• [EXERCISE DESCRIPTION]: Start to finish, return the listing below exactly, pictures excluded.
[[ SOURCE MATERIAL, beginning ]]
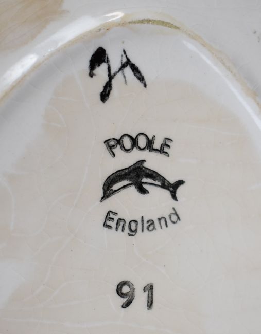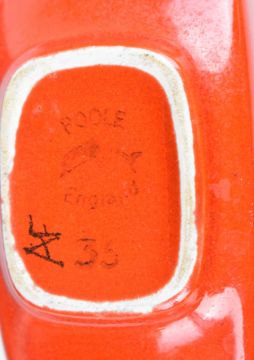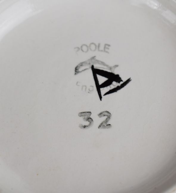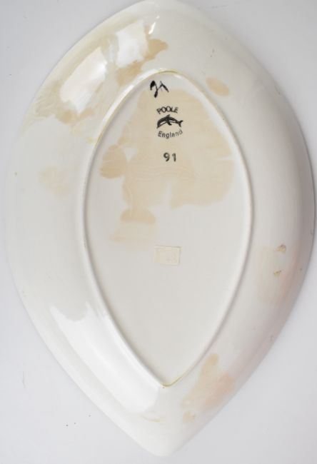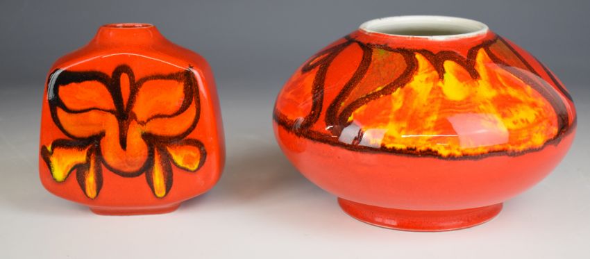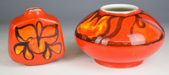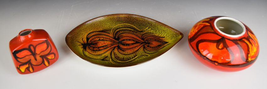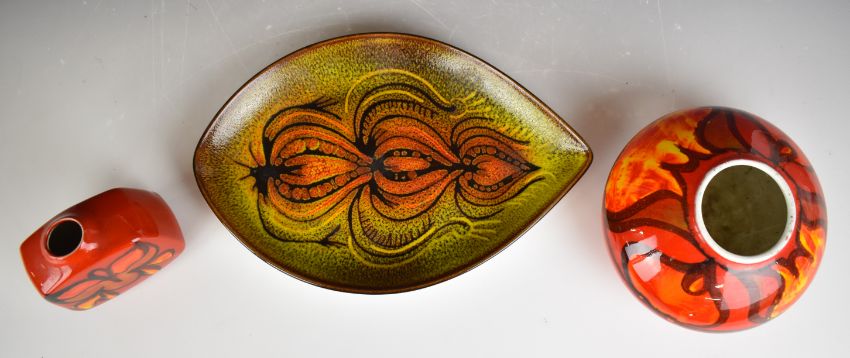 Two Poole Pottery mid century modern vases (tallest 11cm) and a dish, diameter 30cm
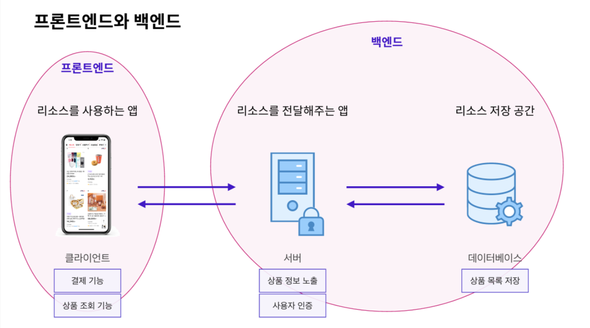 클라이언트처럼 사용자가 직접 눈으로 보고, UI를 클릭 또는 터치하는 등의 상호작용을 할 수 있는 앱을 주로 개발하면 프론트엔드 개발자라고 할 수 있다. 반면, 사용자 눈에 보이지 않지만, 상품 정보를 API로 노출한다던지, 로그인/로그아웃, 권한 관리 등의 사용자 인증을 주로 다루는 개발자는 백엔드 개발자로 분류할 수 있다. (서버가 단순히 전달만 하는게 아니다!) 백엔드 개발자는 데이터베이스 등의 시스템 설계까지 도맡아서 하는 경우도 많다.
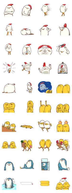 何があろうとも空を飛ばず陸地で生活すると決めた鶏とひよこ達のスタンプ。
[[ SOURCE MATERIAL, end ]]
• [WRITTEN ANSWER]:
 Two Poole Pottery mid century modern vases (tallest 11cm) and a dish, diameter 30cm
 클라이언트처럼 사용자가 직접 눈으로 보고, UI를 클릭 또는 터치하는 등의 상호작용을 할 수 있는 앱을 주로 개발하면 프론트엔드 개발자라고 할 수 있다. 반면, 사용자 눈에 보이지 않지만, 상품 정보를 API로 노출한다던지, 로그인/로그아웃, 권한 관리 등의 사용자 인증을 주로 다루는 개발자는 백엔드 개발자로 분류할 수 있다. (서버가 단순히 전달만 하는게 아니다!) 백엔드 개발자는 데이터베이스 등의 시스템 설계까지 도맡아서 하는 경우도 많다.
 何があろうとも空を飛ばず陸地で生活すると決めた鶏とひよこ達のスタンプ。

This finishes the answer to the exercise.